Will a transfusion cure my blood cancer?

No, and it is important to be honest about this. A blood transfusion does not treat or cure the cancer itself. It is supportive care. Its job is to replace red cells or platelets that your body is short of, so you feel stronger and stay safe while your actual cancer treatment, such as chemotherapy, targeted therapy or a stem cell (bone marrow) transplant coordinated via our partners, does the work against the disease. Transfusions help you tolerate that treatment and protect you from the dangers of low counts. Prognosis in blood cancer depends on the type, stage and how it responds to treatment, and varies widely. Your specialist will give you an honest picture for your situation.

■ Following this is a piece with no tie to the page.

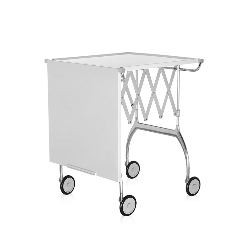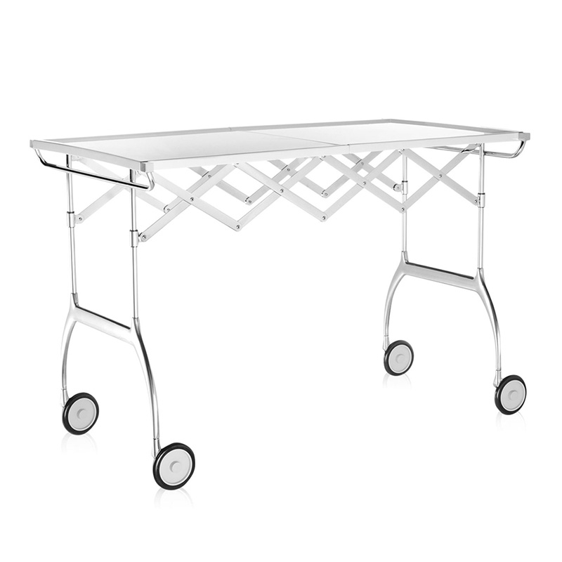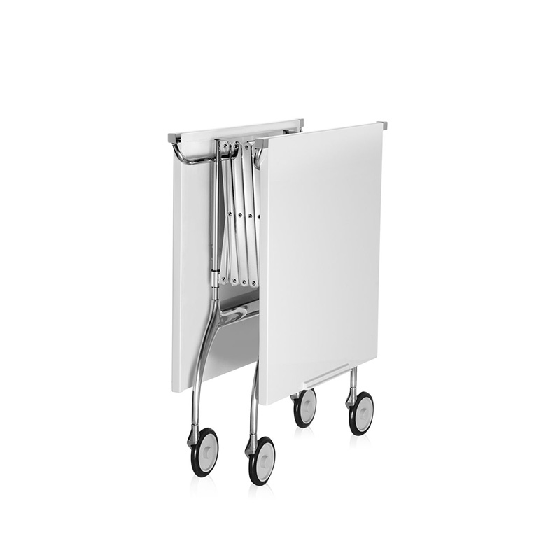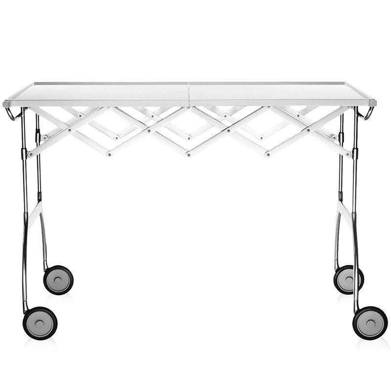 単なるダイニングカートではありません。プラスチック素材と金属の絶妙なコンビネーションの美しさもさておき、フォールディング式で自在に長さが変えられるので、ビュッフェやワインクーラー用のサイドテーブルとしてなど多種多様に活躍します。

Is the donated blood safe from infections?

Blood safety is taken very seriously. Every donated unit used is screened for transmissible infections, including HIV, hepatitis B, hepatitis C and others, following national blood-safety standards. Donors are also screened before donating. This testing has made transfusion-transmitted infection very rare today. On top of testing, your unit is correctly grouped and cross-matched, and your identity is confirmed at the bedside before the transfusion starts. These layered checks protect you from both infection and mismatch. If you have any worry about the source or safety of your blood, ask your CION team. We believe in transparent answers, and you deserve to feel confident about every step of your care.

What should I tell my doctor before a transfusion?

Share your full history so we can keep you safe. Tell us about any previous transfusion and whether you had a reaction, such as fever, chills, rash or breathlessness. Mention any known allergies, your current medicines, and any heart, lung or kidney problems, since these affect how quickly blood can be given. Let us know if you are pregnant or have been pregnant, as this can matter for matching. Also share any religious or personal preferences about transfusion so we can discuss your options openly. The more we know, the better we can plan a safe, comfortable transfusion. At CION your 45-minute consultation gives time for all of this.